Durwood was suddenly intimidated and, without his lead, so was Paulie. And at this moment R. Allan summoned them to the phone.

 

 

 

Anthony Montano lay flat on his back in the darkness of the Erie and Lackawanna terminal and wondered why. He then recollected that those three joints had been of Mantanuska Thunderfuck and had been ingested to courageously propel him inwards and had done just that. So, while he might in a few moments just be able to pull himself up and climb those stairs and begin his search, he would, for the nonce, and to better ward off thoughts of imminent, surrounding dangers, or wretched concern over how to break the news to Winnie Heinz, compose an Ode again until strength, health, and muscular agility returned.

Ah, home away from home, ah black hole of Calcutta, ah windswept, storm toss’d, fire-ravaged skeleton of former grandeurs! That you are still standing!, with your three stories gutted yet still here.
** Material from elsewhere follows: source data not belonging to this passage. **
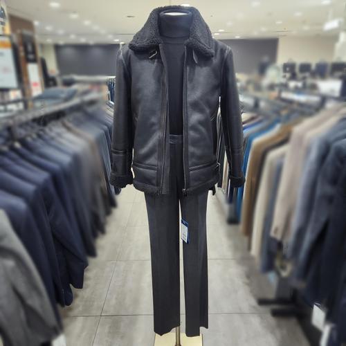 바쏘옴므 세이브존03 바쏘옴므 남자 블랙 양가죽 배색 무스탕 점퍼 WSAGZ4U
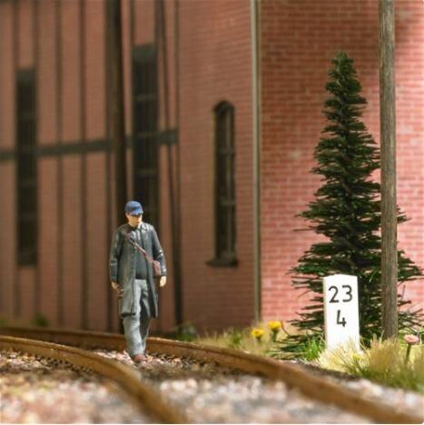 Ein Streckenläufer unterwegs auf Kontrollgang entlang der Gleise. Action Set mit Figur, Kilometersteinen und 2 Fichten.
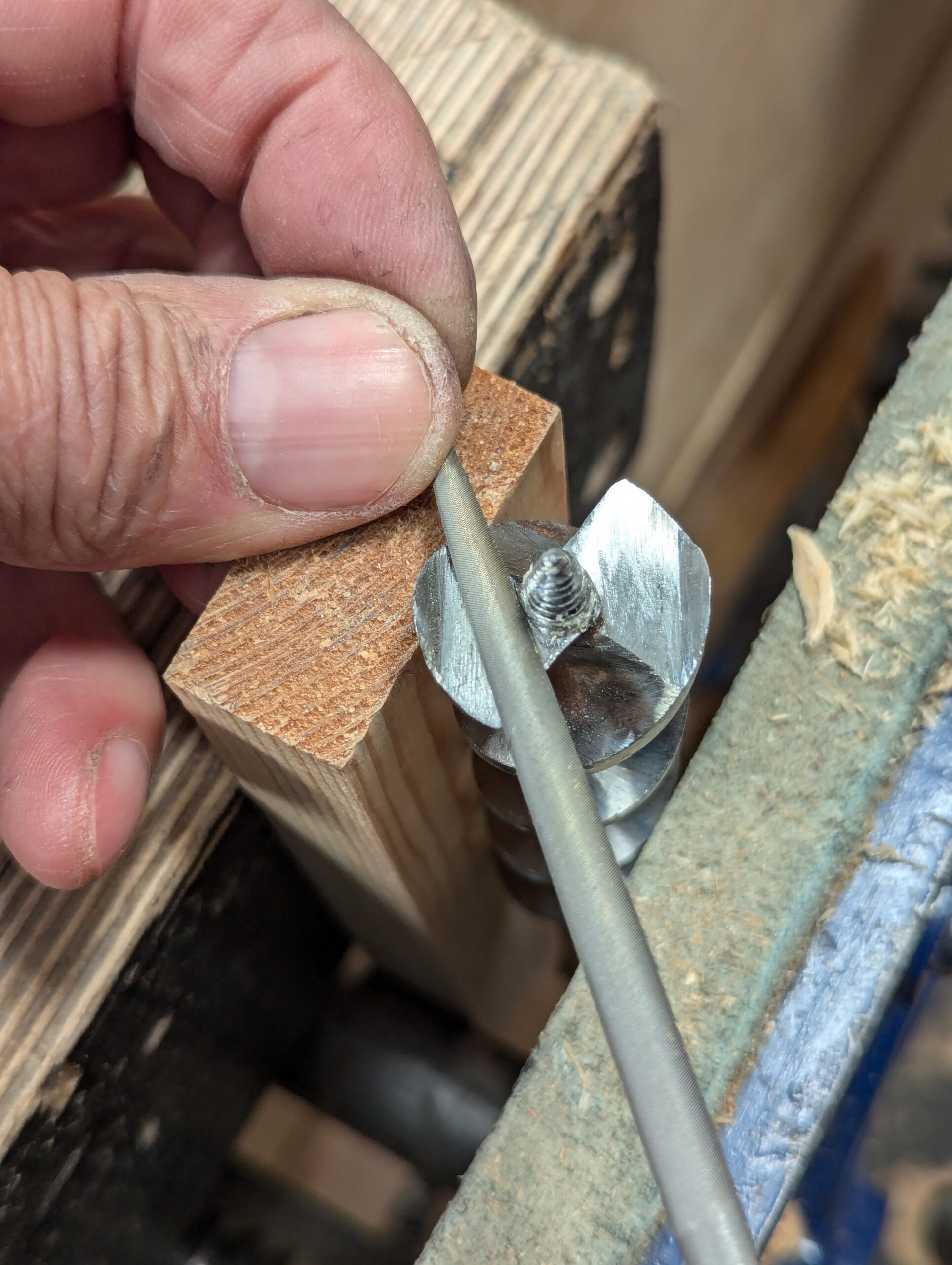 Clamping the bit against a 2" by 1" stick minimises any flex in the bit and clamping it in the vise gives excellent support. Take care doing this. You don't want to bend the bit.

Holes in you for entrance, holes within your stockings, fetid waters underneath, your bottom twisted and rippling like wooden waves,
You Are a Woman!
Our Ellie, Barbra, Kate, Bette, Diana, Marlene, Tallulah,
Judy
! Survivor, standing after all these ravages upon your face and body, from users and abusers of your finery, but still submitting, still bearing outrage, how many pints, quarts, gallons of semen spilled into your pock-marked skin?…now, now…into your tent creep this warm night, creep any night, crawling in and into this biggest womb and void of spacious blackness, total darkness, tread carefully, don’t trip, holes are many, beams are loose, floorboards missing, and oh the river is wide, and cold, and schmutzig, and beneath me, oi, also this building has no back, this lady wears a strapless, feel movement around me, who knows how many?, two thousand?, two hundred?, two?, me and my murderer?, me and my next beloved?, what a fantasy trip, I don’t have to see you and you don’t have to see me, you are John Wayne with real hair, and so up up up, I am now getting up, ignore handpainted fluorescent warning:
LAST JULY A GUY WAS MURDERED HERE AND ROBBED OF HIS CARTIER WATCH AND STABBED IN THE GUTS
with under-scrawling: “Glad to hear someone’s got guts,” up up up and…as I grow more bold, does not a proud woman inspire a return of strength, she’s made it, I Can, Too, sing it, Barbra: “He’s my man and I love him, no matter that he’s left me,” sing it, Greta:
“Mein Mann ist mein Herz und meine Liebe und mein Leben,”
sing it Vera: “There’ll be birds of love and laughter, when you come back after,” sing it, Edith:
“Mon homme, mon homme, mon homme, mon hoooommmmmeee,”
and Barbara, fat Barbara, our new cookie, sing the anthem: “Who’s going to make me gay now?,” yeah, girls, you made it, so can I, my heart’s still beating, my tits aren’t sagging, my pecker’s hopefully still pecking, I’ve made it through another winter, now I deserve a break today, go out, go up, go show them that I’m still Alive! Show them that I’m still gorgeous and still gutsy and desirable, and while I may be going down the tubes, I’ll go down getting my cock sucked as I start another year of life!